- [Exercise]:
Output a character-exact copy of the data, images removed.

*** Opening Data shown ***

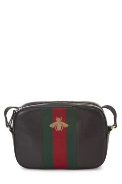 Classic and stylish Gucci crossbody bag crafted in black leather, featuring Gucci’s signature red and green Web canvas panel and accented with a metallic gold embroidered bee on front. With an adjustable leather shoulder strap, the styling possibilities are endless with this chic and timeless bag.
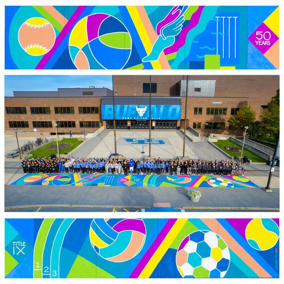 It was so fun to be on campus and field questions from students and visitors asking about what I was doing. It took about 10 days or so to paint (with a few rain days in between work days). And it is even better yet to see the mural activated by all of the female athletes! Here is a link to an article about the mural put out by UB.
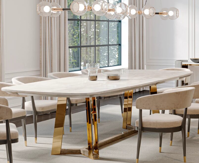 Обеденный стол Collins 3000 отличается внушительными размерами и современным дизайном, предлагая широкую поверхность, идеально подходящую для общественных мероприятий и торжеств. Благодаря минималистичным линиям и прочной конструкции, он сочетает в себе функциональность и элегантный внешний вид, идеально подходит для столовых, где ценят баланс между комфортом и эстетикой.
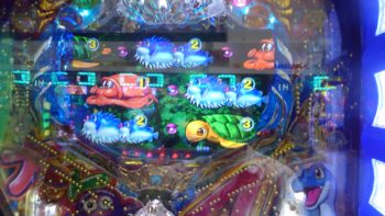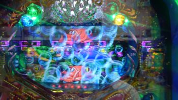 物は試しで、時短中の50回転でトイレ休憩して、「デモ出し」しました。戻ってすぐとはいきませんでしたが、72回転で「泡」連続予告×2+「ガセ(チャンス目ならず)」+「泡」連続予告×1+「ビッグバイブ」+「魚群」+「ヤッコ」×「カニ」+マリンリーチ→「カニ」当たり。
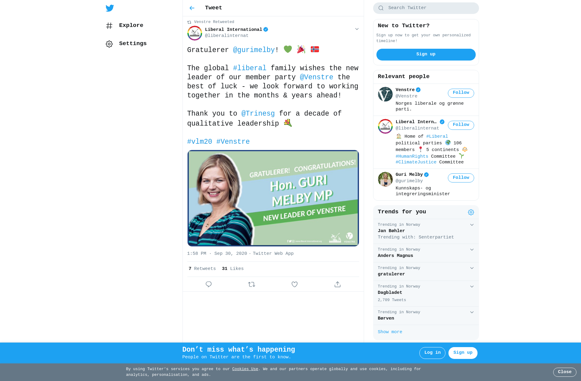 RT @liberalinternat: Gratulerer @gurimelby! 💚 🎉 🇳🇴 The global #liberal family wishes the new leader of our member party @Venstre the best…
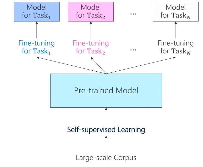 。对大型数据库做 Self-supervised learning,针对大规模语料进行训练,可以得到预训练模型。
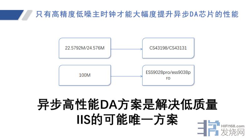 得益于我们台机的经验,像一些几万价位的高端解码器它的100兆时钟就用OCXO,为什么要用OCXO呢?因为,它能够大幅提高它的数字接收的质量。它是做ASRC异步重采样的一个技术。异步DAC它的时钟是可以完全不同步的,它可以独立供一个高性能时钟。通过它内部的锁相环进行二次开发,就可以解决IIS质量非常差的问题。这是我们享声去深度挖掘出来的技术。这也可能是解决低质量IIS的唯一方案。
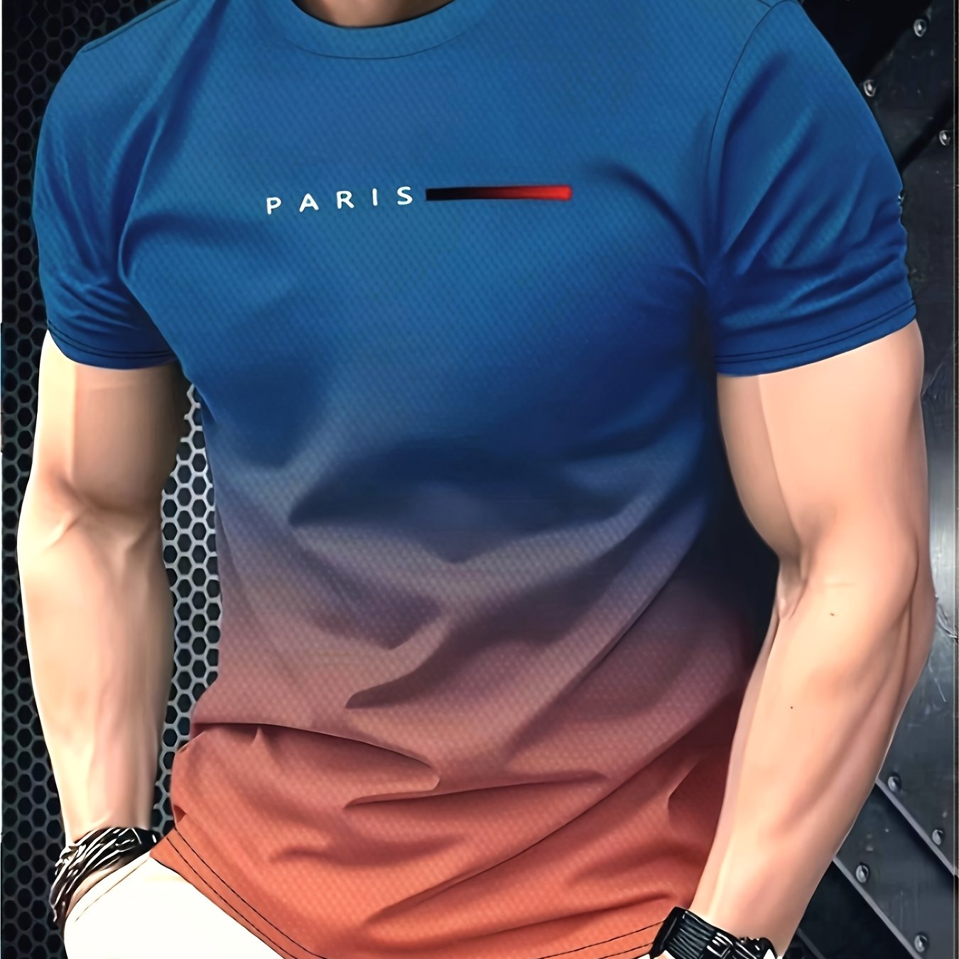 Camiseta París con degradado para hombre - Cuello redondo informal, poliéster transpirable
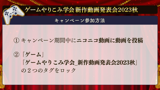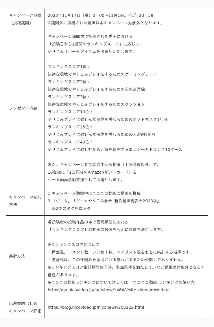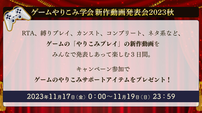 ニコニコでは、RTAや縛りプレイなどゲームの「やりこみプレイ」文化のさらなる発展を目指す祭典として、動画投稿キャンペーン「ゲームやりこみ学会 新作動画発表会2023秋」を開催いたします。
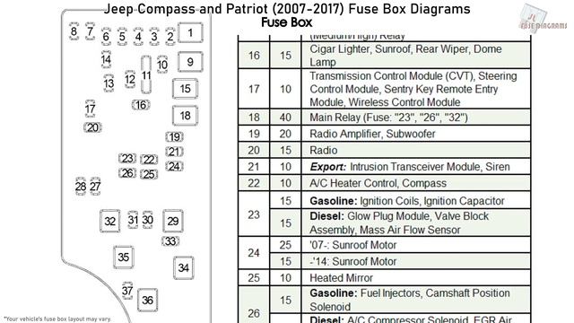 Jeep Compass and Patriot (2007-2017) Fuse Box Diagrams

*** Closing Data shown ***

- [Solved problem]:
 Classic and stylish Gucci crossbody bag crafted in black leather, featuring Gucci’s signature red and green Web canvas panel and accented with a metallic gold embroidered bee on front. With an adjustable leather shoulder strap, the styling possibilities are endless with this chic and timeless bag.
 It was so fun to be on campus and field questions from students and visitors asking about what I was doing. It took about 10 days or so to paint (with a few rain days in between work days). And it is even better yet to see the mural activated by all of the female athletes! Here is a link to an article about the mural put out by UB.
 Обеденный стол Collins 3000 отличается внушительными размерами и современным дизайном, предлагая широкую поверхность, идеально подходящую для общественных мероприятий и торжеств. Благодаря минималистичным линиям и прочной конструкции, он сочетает в себе функциональность и элегантный внешний вид, идеально подходит для столовых, где ценят баланс между комфортом и эстетикой.
 物は試しで、時短中の50回転でトイレ休憩して、「デモ出し」しました。戻ってすぐとはいきませんでしたが、72回転で「泡」連続予告×2+「ガセ(チャンス目ならず)」+「泡」連続予告×1+「ビッグバイブ」+「魚群」+「ヤッコ」×「カニ」+マリンリーチ→「カニ」当たり。
 RT @liberalinternat: Gratulerer @gurimelby! 💚 🎉 🇳🇴 The global #liberal family wishes the new leader of our member party @Venstre the best…
 。对大型数据库做 Self-supervised learning,针对大规模语料进行训练,可以得到预训练模型。
 得益于我们台机的经验,像一些几万价位的高端解码器它的100兆时钟就用OCXO,为什么要用OCXO呢?因为,它能够大幅提高它的数字接收的质量。它是做ASRC异步重采样的一个技术。异步DAC它的时钟是可以完全不同步的,它可以独立供一个高性能时钟。通过它内部的锁相环进行二次开发,就可以解决IIS质量非常差的问题。这是我们享声去深度挖掘出来的技术。这也可能是解决低质量IIS的唯一方案。
 Camiseta París con degradado para hombre - Cuello redondo informal, poliéster transpirable
 ニコニコでは、RTAや縛りプレイなどゲームの「やりこみプレイ」文化のさらなる発展を目指す祭典として、動画投稿キャンペーン「ゲームやりこみ学会 新作動画発表会2023秋」を開催いたします。
 Jeep Compass and Patriot (2007-2017) Fuse Box Diagrams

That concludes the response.